The researchers used cutting-edge gene-editing technology to inactivate single genes from human cells grown in a laboratory dish until they had systematically deleted each gene in the human genome. This is no easy task as latest estimates suggest there are about 21,000 different protein-coding genes! Each cell in this study lacked one gene and therefore one corresponding protein. First, they created a bank of cells that each lacked a one different gene, spanning our entire genome. Then they infected these cells with seven RV viruses to maximise diversity. One of the viruses was a fairly newly discovered RV type that can seriously exacerbate asthma symptoms and increase the risk of infected infants developing asthma and chronic obstructive pulmonary disease. Overall most of the viruses were relatively distant relations that make use of different proteins within cells. The study looked at which protein-coding gene was missing in the cells that continued to flourish after infection, focusing on the few whose absence thwarted all viruses. None of viruses could flourish in SETD3-deficient cells—their replication rate for the common cold was reduced 1,000-fold as compared with control cells that possessed the gene.
Research has Singled out One Obscure Protein
After all this effort it became clear that the absence of one obscure protein consistently stopped the common cold in its tracks: SETD3. The researchers then turned off the gene that produces the protein SETD3 in samples of healthy human lung cells (these cells most often get infected by RVs). Within these cells the virus failed to multiply and spread. The same tests were also performed on mice with and without the SETD3 gene (poor little guys!). The mice without the SETD3 gene remained equally unaffected. Clearly the gene has evolved in nature for a reason and the protein it encodes for is important for biological function. SETD3 it appears is very important in a process called methylation. The SETD3 protein modifies actin, a protein important in cell shape and division, and muscle contraction.
If you take away theSETD3 gene what happens?
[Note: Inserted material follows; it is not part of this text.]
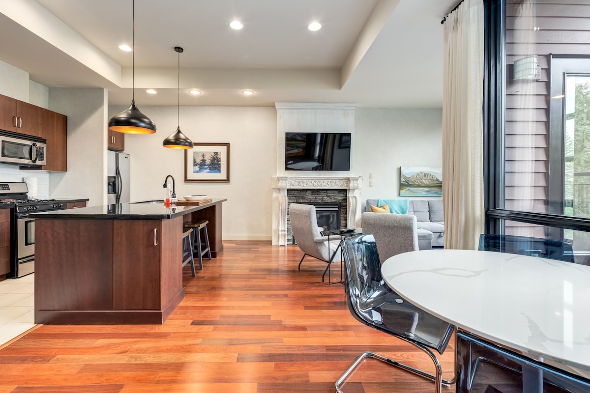 Indulge in a 5-star resort and stay at this luxurious Penthouse mountain suite with endless sunset views from every room. Decorated in the Hygge style and enhanced with exotic art, this premium suite offers high ceilings, cozy fireplaces, Smart TVs, and a spa-like, relaxing ambiance. Heated parking, in-unit washer/dryer, and high-speed Wi-Fi are included in your stay. Access to the gym and pools is included. Elevator is working.
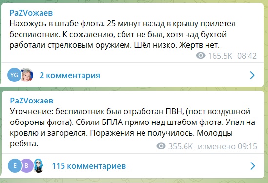 Водночас гауляйтер Севастополя Міхаіл Развожаєв спочатку визнав, що безпілотник російським військовим не вдалось збити, а вже за півгодини спростував свої ж слова. Він також показав дах будівлі Чорноморського флоту, до якого влетів безпілотник — серйозних руйнувань "немає".

The SETD3 protein appeared to be important for pregnant mice and may play a role in uterine contractions, but was otherwise apparently unnecessary for healthy mice, the researchers found. However human trials may show that SETD3 plays a much more significant role in our bodies than in mice. In other words, by inhibiting the protein expression patients may of course be put at risk, which could force scientists back to square one. However, Jan Carette, one of the lead researchers, stated that further research would focus on a drug that could safely inhibit the interaction between the virus and the protein SETD3 (rather than remove it).
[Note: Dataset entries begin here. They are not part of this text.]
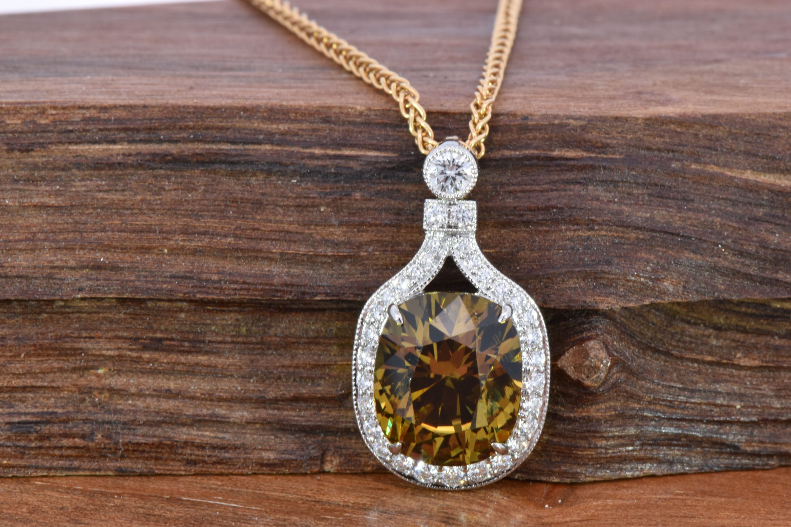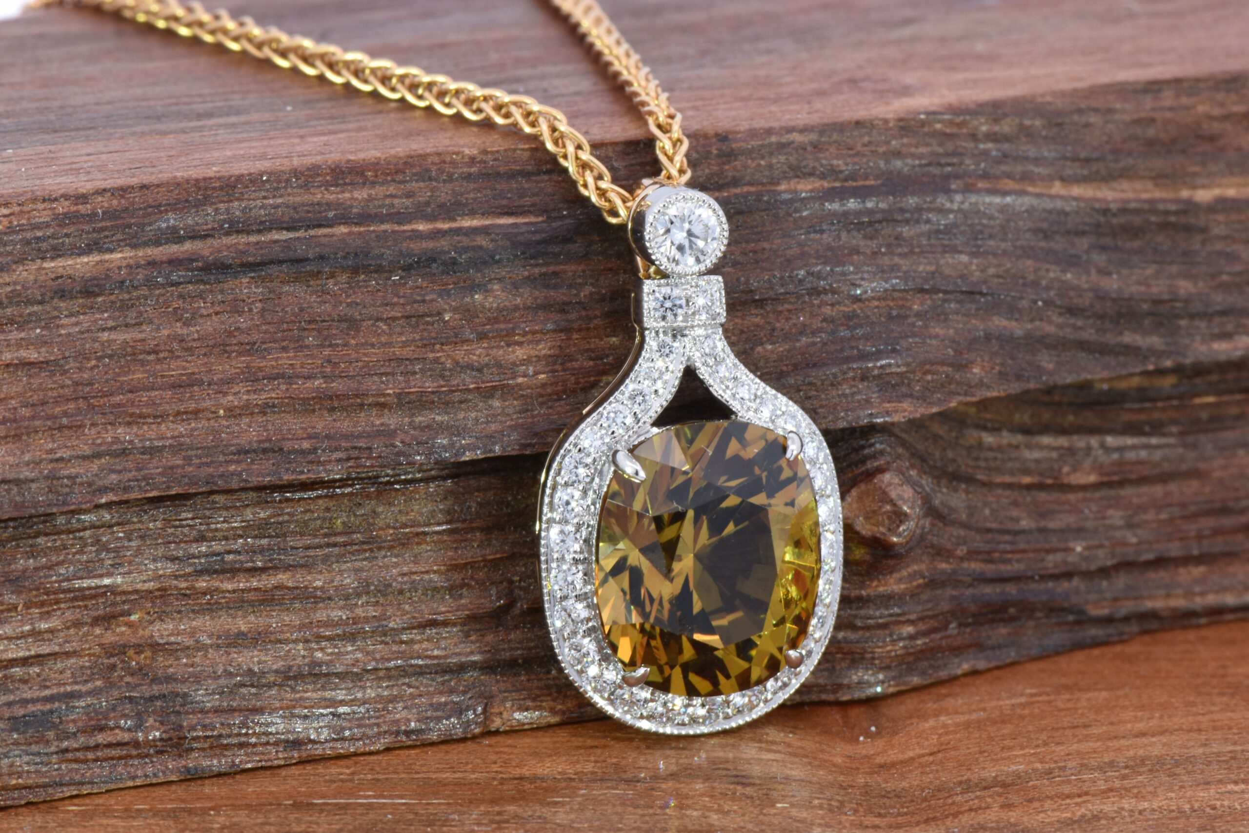 Glowing in the center of this pendant is a 4.15 carat Cushion cut Mali Garnet. Encasing the Garnet is a halo made of Round Brilliant cut Diamonds that continue onto the bail. The Diamonds weigh 0.30 carats total. This pendant is fabricated in 18 karat Yellow Gold and Platinum.
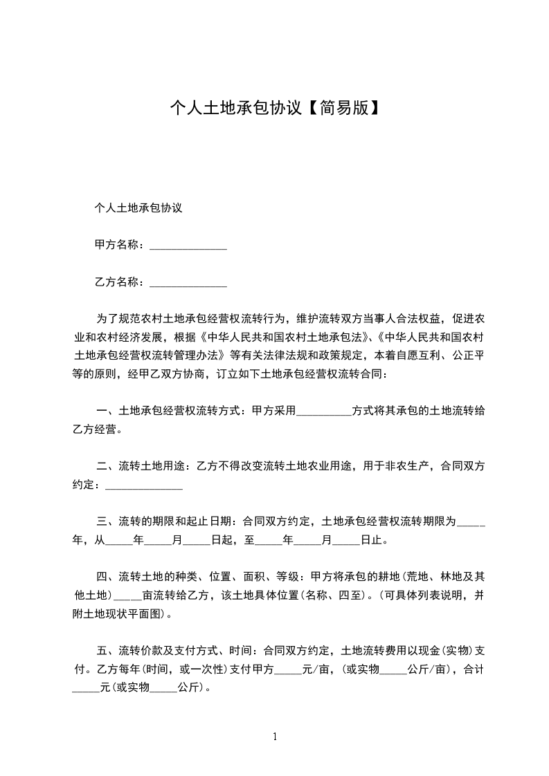 甲方将______县______乡______村所属土地约______亩的土地出租给乙方使用(租地面积以实际丈量为准)。
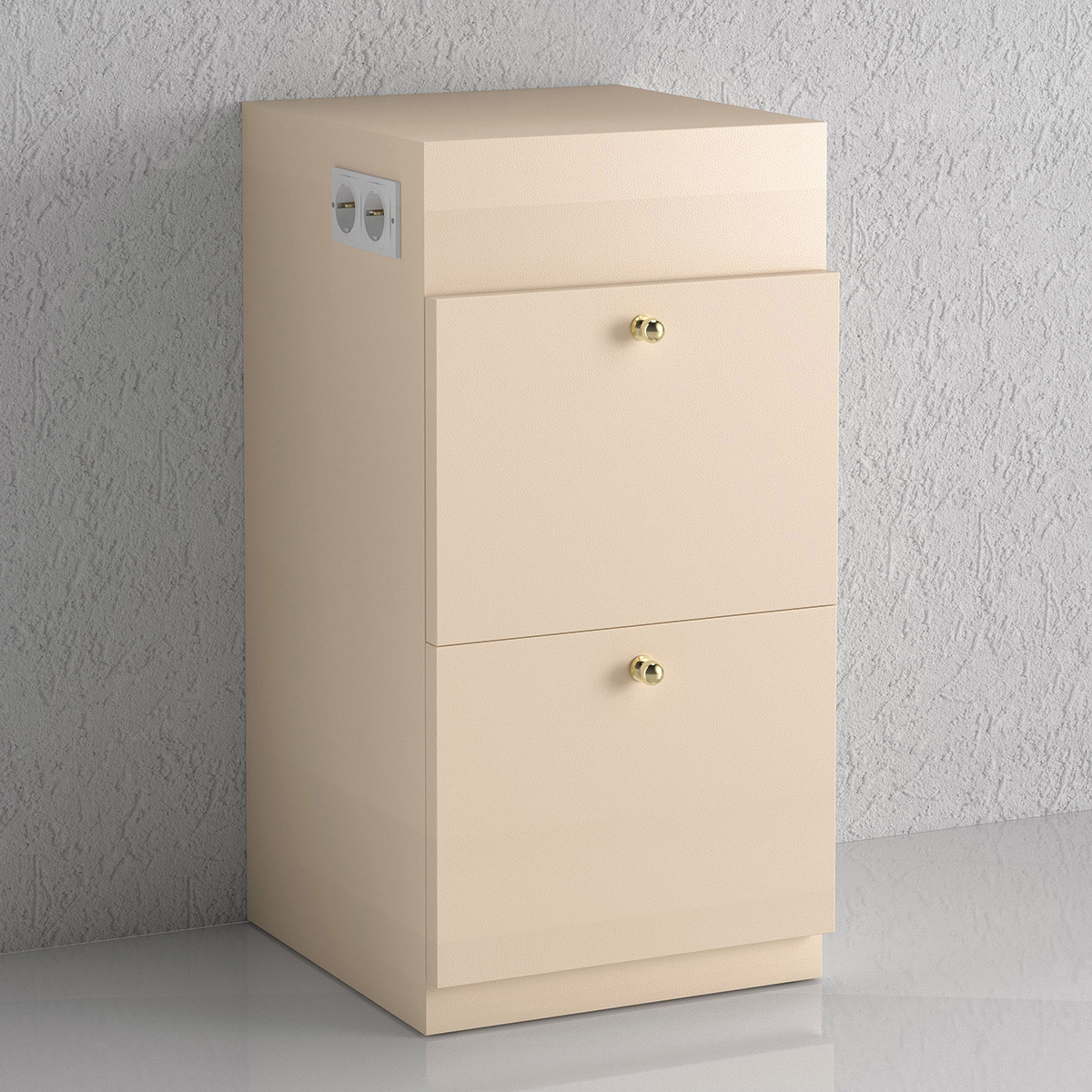 Напольная тумба для рабочих туалетов CONSOLLE CARRE и CONSOLLE RONDE. Тумба оснащена розетками и двумя выдвижными ящиками. Тумба выполнена в ламинате.

New research plans to screen for chemicals that either stop RVs interacting with the SETD3 protein or degrade the protein itself. The study stated, “We have the target but not yet the drug,” he says. “We’re now focusing on that part.” The approach is known as host-directed therapy, because the treatment alters something in the host that the virus needs to function.
It is hard to imagine a world without the common cold, coughing and sneezing, but this takes a little bit close to achieving that goal!!